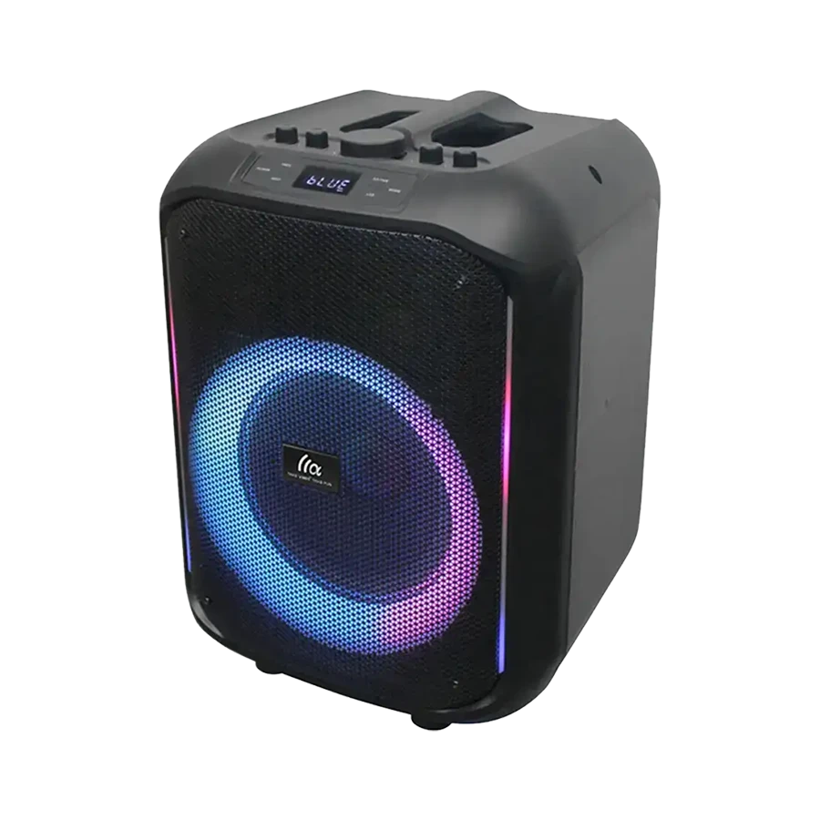 اسپیکر تازاتا FS-L1210 تنها یک دستگاه صوتی نیست، بلکه با نورپردازی RGB خود جلوه‌ای از انرژی و هیجان به فضا می‌بخشد. چراغ‌های رنگارنگ این اسپیکر با ریتم موسیقی هماهنگ می‌شوند و محیطی پویا و پرشور ایجاد می‌کنند. شما می‌توانید از طریق کلید مخصوص نور، حالت‌های مختلف را انتخاب کرده و فضای جشن خود را شخصی‌سازی کنید.
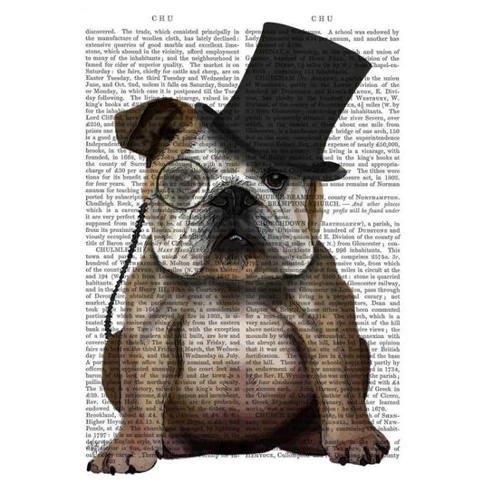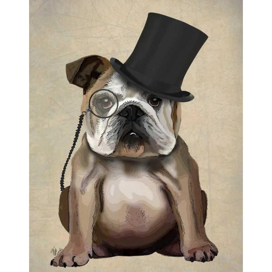 English Bulldog, Formal Hound and Hat White Modern Wood Framed Art Print by Fab Funky
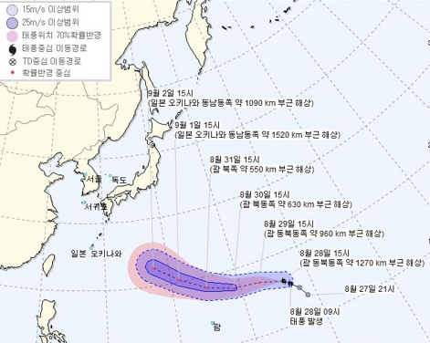 기상청 관계자는 "아직 태풍 발생 초기라 우리나라에 미칠 영향에 대해선 전망하기 이르지만, 한반도 주변 접근 시 북태평양 고기압 등 기압 배치에 따라 변동성이 크다."고 말했다.
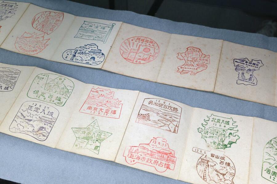 メダル(軍隊の勲章)や戦車などをモチーフにしたスタンプに「北京入城」「上海市政府占拠」など日中戦争の戦績が記されている。
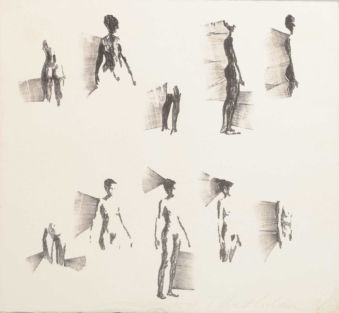 Grafisk komposition med studier af stående nøgne figurer udført som litografi, signeret med blyant, dateret 1971 og nummereret 10/55.
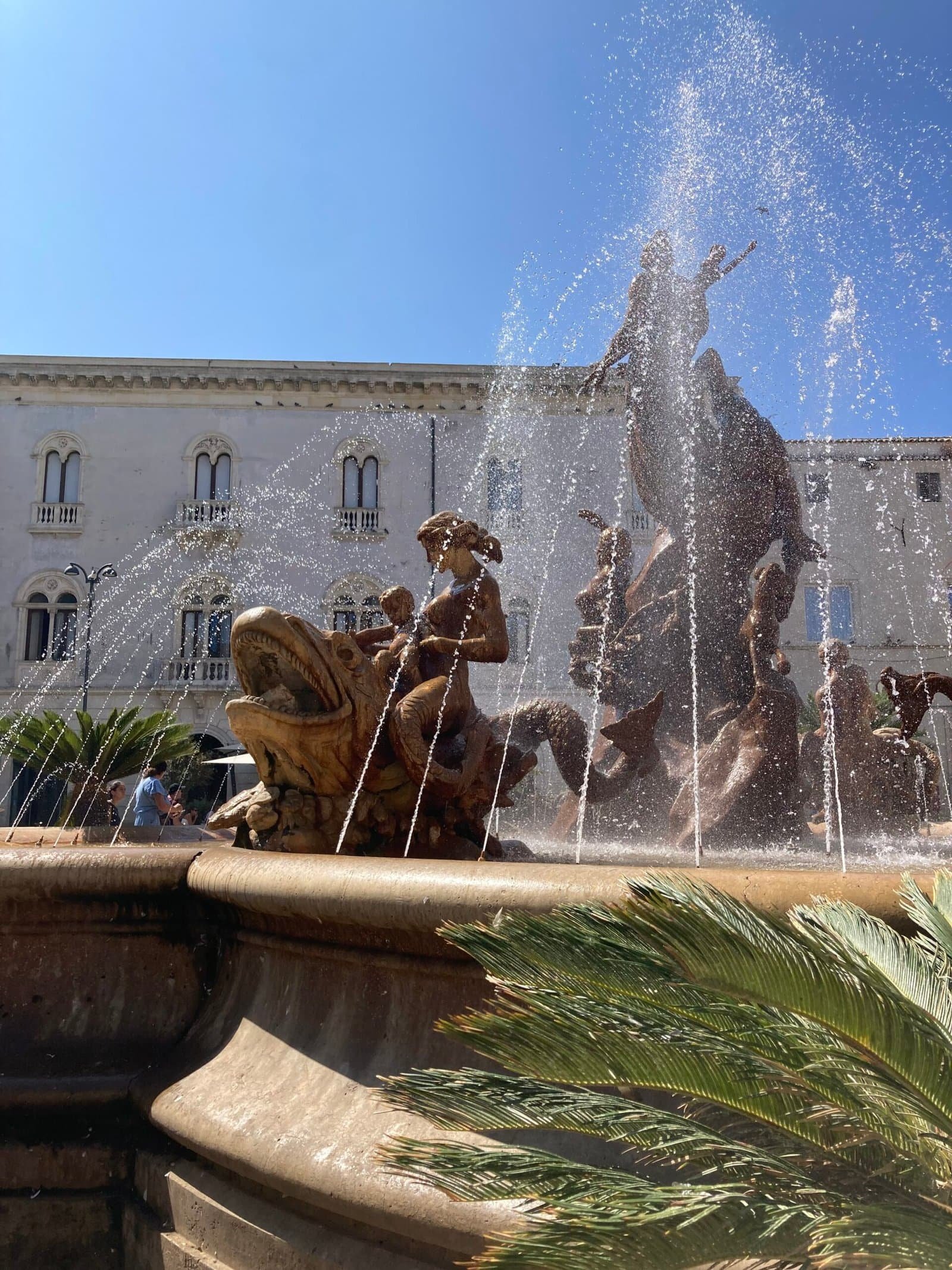 De Fontein van Arethusa is ook een bezoek waard. Deze zoetwaterbron ligt direct aan de kust in Ortigia. Volgens de mythe veranderde de nimf Aretusa hier in water om aan de god Alpheus te ontsnappen. Tegenwoordig zwemmen er vooral eenden en vissen tussen de papyrusplanten.
***
* **Problem to work on**
Could you transcribe exactly the entries above, but only the lines from the one with "メダル(軍隊の勲章)や戦車な" through the one with "Grafisk komposition med", and without pictures?

* **Written solution**
 メダル(軍隊の勲章)や戦車などをモチーフにしたスタンプに「北京入城」「上海市政府占拠」など日中戦争の戦績が記されている。
 Grafisk komposition med studier af stående nøgne figurer udført som litografi, signeret med blyant, dateret 1971 og nummereret 10/55.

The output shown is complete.